== WHAT IS REQUIRED ==
Go through the data below and repeat it exactly, skipping each picture.

== INFORMATION SHOWN ==
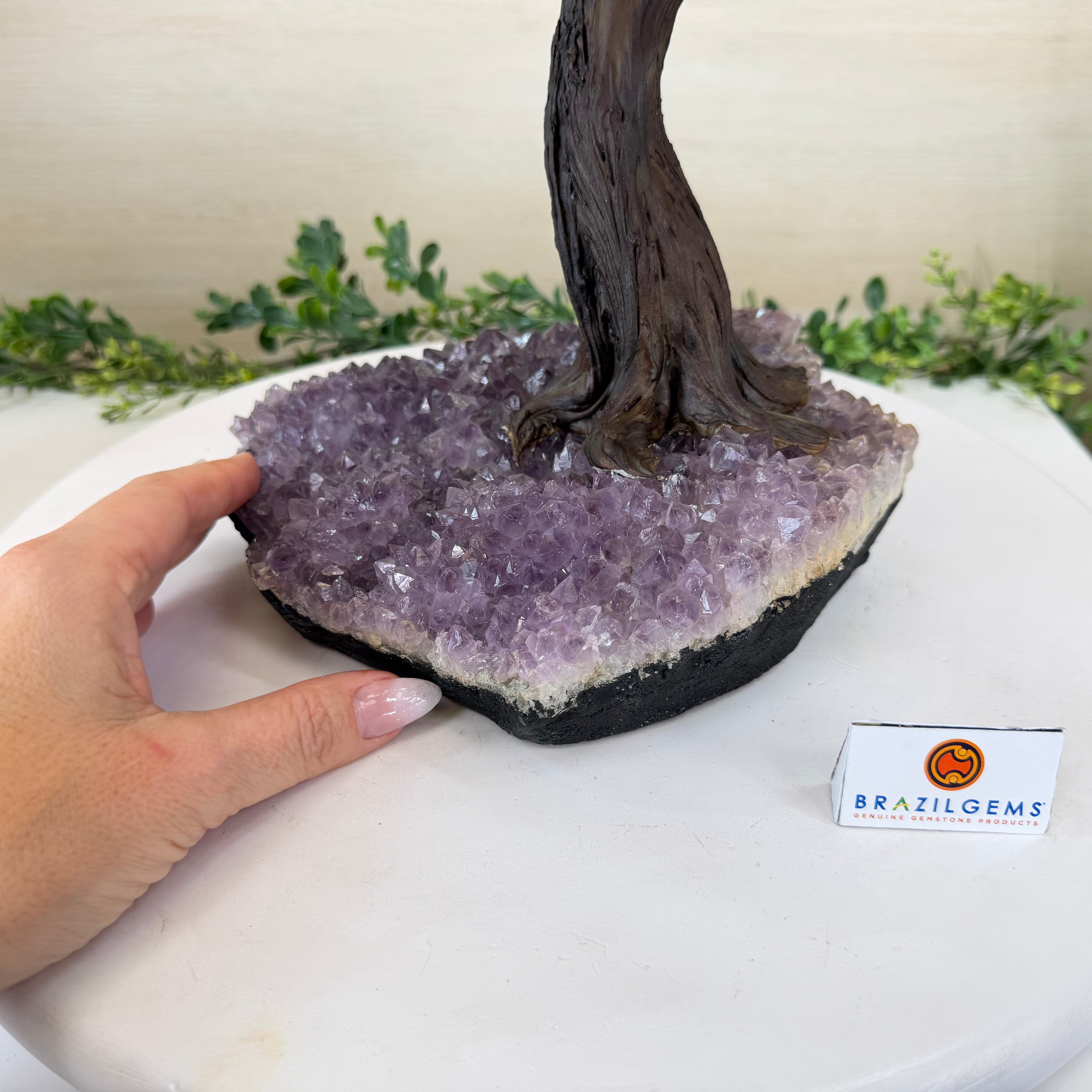 The process to make a gemstone tree like this is very extensive and meticulous. A special polished Amethyst cluster is selected for the base, the resin trunk and branches are crafted into a bonsai style by artisans in Brazil and then each gemstone is glued to the tree by hand. The result is a work of art that radiates harmony, care, and intention.
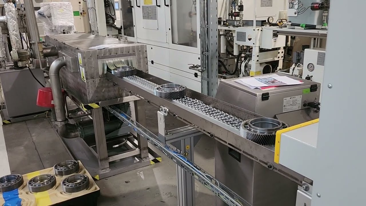 Automatická laserová značící stanice LF30MW 1200 pro automatické značení ozubených koncových kol diferenciálu.
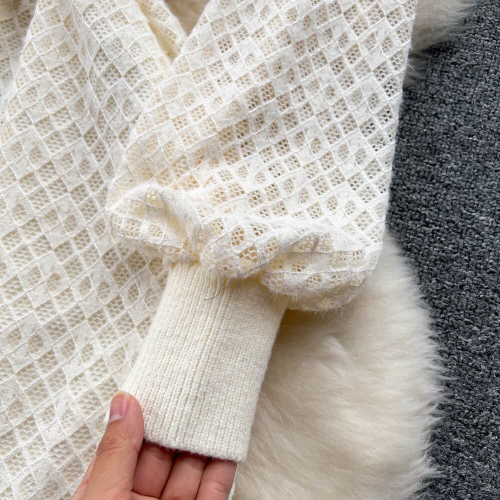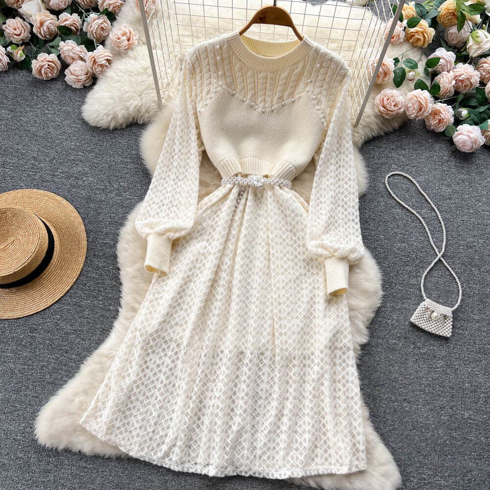 秋と冬の新しいデザインセンスビーズフレンチ気質レースステッチニットドレス女性有名人の気質の妖精のスカート オータム 秋物 ウィンター 冬物 lyxaj57391161808
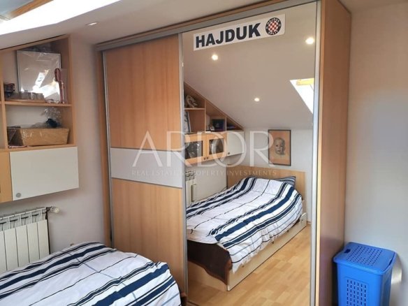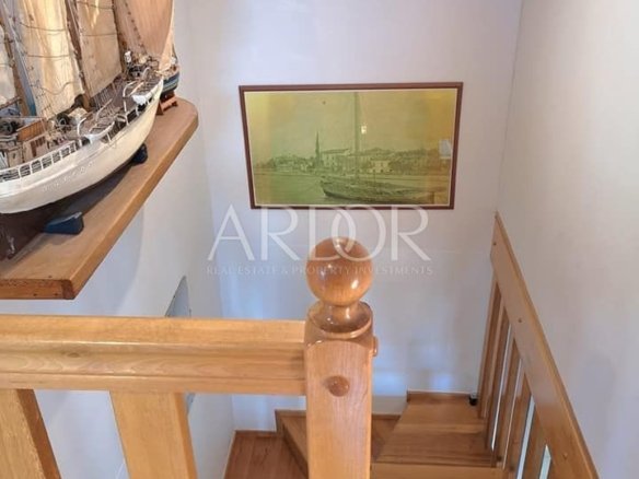 Sestavljen je iz 1 velike in 1 manjše dnevne sobe, kuhinje, 4 spalnic, 1 velike kopalnice in manjšega stranišča. V spodnji etaži se nahaja dnevna soba, kuhinja, ena spalnica in večja kopalnica, v zgornji etaži pa tri spalnice, manjša dnevna soba in manjši WC. Apartma nudi čudovit pogled na morje.

== TASK RESPONSE ==
 The process to make a gemstone tree like this is very extensive and meticulous. A special polished Amethyst cluster is selected for the base, the resin trunk and branches are crafted into a bonsai style by artisans in Brazil and then each gemstone is glued to the tree by hand. The result is a work of art that radiates harmony, care, and intention.
 Automatická laserová značící stanice LF30MW 1200 pro automatické značení ozubených koncových kol diferenciálu.
 秋と冬の新しいデザインセンスビーズフレンチ気質レースステッチニットドレス女性有名人の気質の妖精のスカート オータム 秋物 ウィンター 冬物 lyxaj57391161808
 Sestavljen je iz 1 velike in 1 manjše dnevne sobe, kuhinje, 4 spalnic, 1 velike kopalnice in manjšega stranišča. V spodnji etaži se nahaja dnevna soba, kuhinja, ena spalnica in večja kopalnica, v zgornji etaži pa tri spalnice, manjša dnevna soba in manjši WC. Apartma nudi čudovit pogled na morje.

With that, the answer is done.